> Records provided:
== Segment start ==

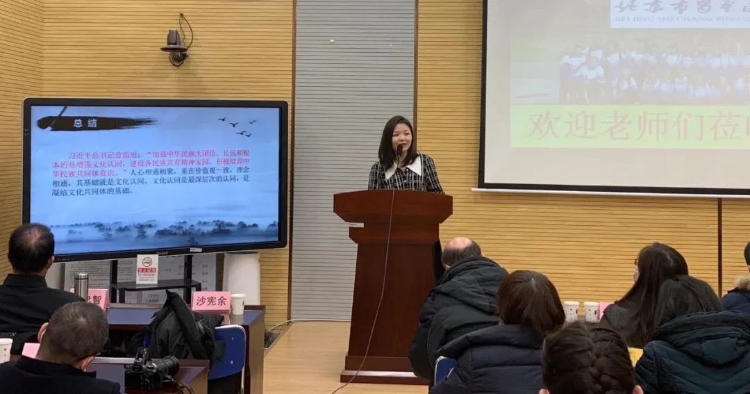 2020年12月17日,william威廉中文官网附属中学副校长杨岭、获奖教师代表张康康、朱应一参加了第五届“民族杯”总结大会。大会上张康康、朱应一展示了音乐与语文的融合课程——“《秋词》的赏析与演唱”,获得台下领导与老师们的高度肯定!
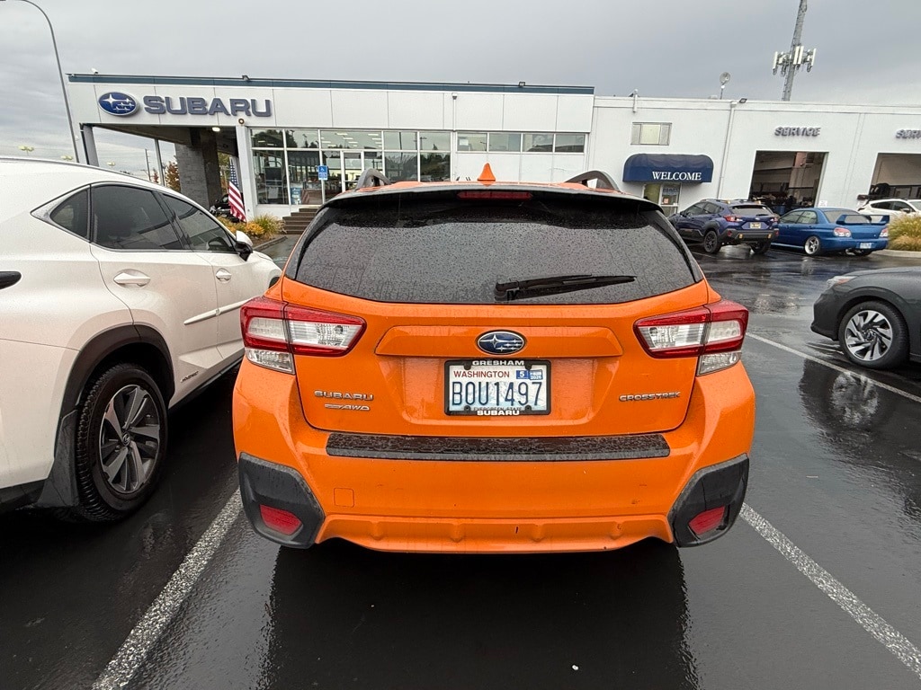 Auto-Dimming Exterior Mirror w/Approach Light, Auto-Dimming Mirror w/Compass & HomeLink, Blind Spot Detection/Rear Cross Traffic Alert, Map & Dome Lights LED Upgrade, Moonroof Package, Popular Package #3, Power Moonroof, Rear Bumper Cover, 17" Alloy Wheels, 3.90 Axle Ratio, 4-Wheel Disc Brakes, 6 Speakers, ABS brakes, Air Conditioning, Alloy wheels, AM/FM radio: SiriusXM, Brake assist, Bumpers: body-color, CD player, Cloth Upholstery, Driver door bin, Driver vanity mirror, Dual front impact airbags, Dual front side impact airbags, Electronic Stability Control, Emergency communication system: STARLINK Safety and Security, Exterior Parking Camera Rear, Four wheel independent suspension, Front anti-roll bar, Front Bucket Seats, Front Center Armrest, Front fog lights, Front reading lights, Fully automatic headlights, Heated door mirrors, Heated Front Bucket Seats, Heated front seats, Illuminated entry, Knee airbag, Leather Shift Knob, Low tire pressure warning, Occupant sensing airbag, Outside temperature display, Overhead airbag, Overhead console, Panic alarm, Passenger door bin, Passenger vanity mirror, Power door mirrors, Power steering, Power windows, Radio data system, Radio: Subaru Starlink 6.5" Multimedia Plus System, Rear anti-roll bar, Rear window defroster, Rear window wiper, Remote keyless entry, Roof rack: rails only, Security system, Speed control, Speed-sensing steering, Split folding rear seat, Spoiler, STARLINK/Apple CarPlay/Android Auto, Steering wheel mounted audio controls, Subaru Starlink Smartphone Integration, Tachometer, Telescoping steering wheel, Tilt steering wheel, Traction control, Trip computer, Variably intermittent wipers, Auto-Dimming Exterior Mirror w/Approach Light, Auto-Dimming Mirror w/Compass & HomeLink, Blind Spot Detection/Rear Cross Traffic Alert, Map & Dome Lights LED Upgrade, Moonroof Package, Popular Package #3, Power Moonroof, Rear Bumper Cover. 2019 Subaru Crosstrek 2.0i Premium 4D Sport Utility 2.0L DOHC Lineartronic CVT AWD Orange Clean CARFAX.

== Segment end ==
== Segment start ==

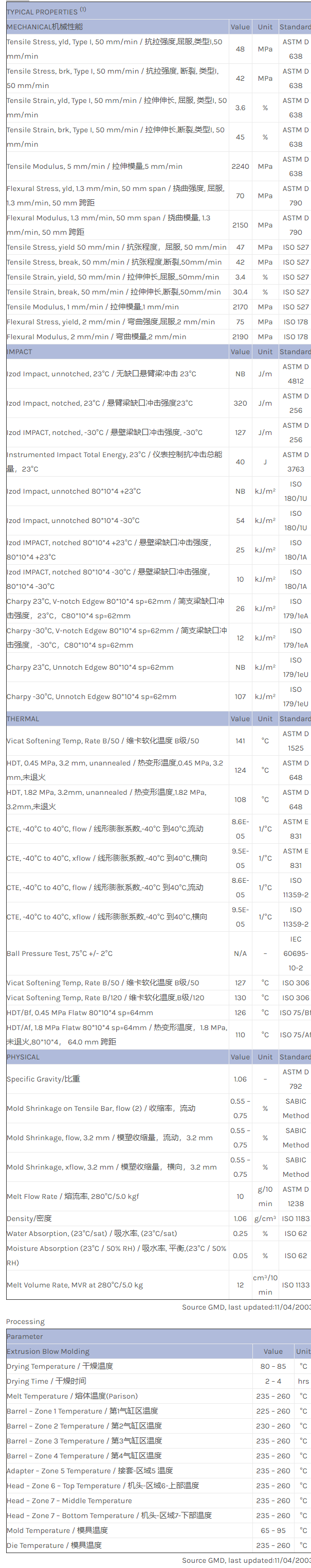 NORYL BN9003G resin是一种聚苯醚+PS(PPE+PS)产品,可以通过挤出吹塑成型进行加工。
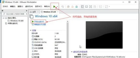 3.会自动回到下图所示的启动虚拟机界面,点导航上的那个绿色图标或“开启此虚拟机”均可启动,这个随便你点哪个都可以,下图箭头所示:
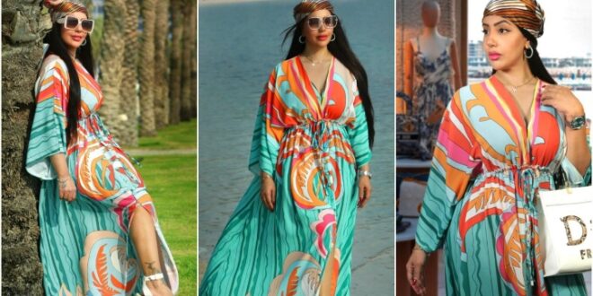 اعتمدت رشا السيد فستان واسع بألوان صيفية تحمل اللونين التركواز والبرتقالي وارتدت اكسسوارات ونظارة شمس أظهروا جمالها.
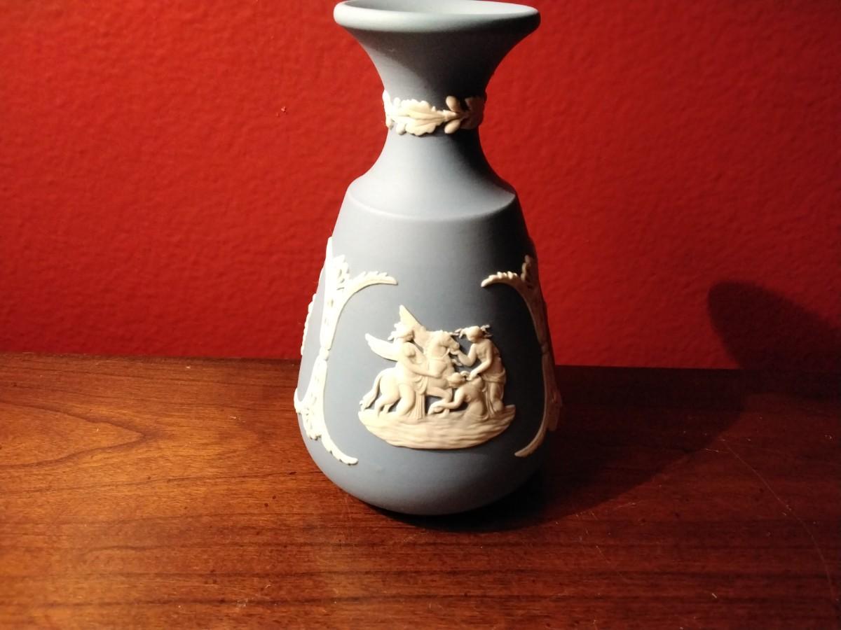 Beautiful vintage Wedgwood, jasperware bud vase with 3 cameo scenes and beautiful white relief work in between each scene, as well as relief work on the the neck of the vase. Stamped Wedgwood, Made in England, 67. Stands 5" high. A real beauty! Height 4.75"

== Segment end ==
== Segment start ==

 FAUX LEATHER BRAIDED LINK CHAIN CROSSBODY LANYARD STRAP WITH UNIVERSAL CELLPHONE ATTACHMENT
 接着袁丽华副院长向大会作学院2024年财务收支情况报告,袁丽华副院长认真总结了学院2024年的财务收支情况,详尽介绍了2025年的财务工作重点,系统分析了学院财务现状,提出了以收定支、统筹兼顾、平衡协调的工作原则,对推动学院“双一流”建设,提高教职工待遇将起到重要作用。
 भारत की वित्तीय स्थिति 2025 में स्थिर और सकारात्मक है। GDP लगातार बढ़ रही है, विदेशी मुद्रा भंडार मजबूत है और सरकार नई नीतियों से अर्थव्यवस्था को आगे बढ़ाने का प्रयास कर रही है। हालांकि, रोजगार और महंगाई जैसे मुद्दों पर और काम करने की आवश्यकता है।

== Segment end ==

> What the task asks:
Starting at the line that has "FAUX LEATHER BRAIDED" in the records above, restate word for word every line until the one that has "भारत की वित्तीय", and include that one as well.

> Response to this task:
 FAUX LEATHER BRAIDED LINK CHAIN CROSSBODY LANYARD STRAP WITH UNIVERSAL CELLPHONE ATTACHMENT
 接着袁丽华副院长向大会作学院2024年财务收支情况报告,袁丽华副院长认真总结了学院2024年的财务收支情况,详尽介绍了2025年的财务工作重点,系统分析了学院财务现状,提出了以收定支、统筹兼顾、平衡协调的工作原则,对推动学院“双一流”建设,提高教职工待遇将起到重要作用。
 भारत की वित्तीय स्थिति 2025 में स्थिर और सकारात्मक है। GDP लगातार बढ़ रही है, विदेशी मुद्रा भंडार मजबूत है और सरकार नई नीतियों से अर्थव्यवस्था को आगे बढ़ाने का प्रयास कर रही है। हालांकि, रोजगार और महंगाई जैसे मुद्दों पर और काम करने की आवश्यकता है।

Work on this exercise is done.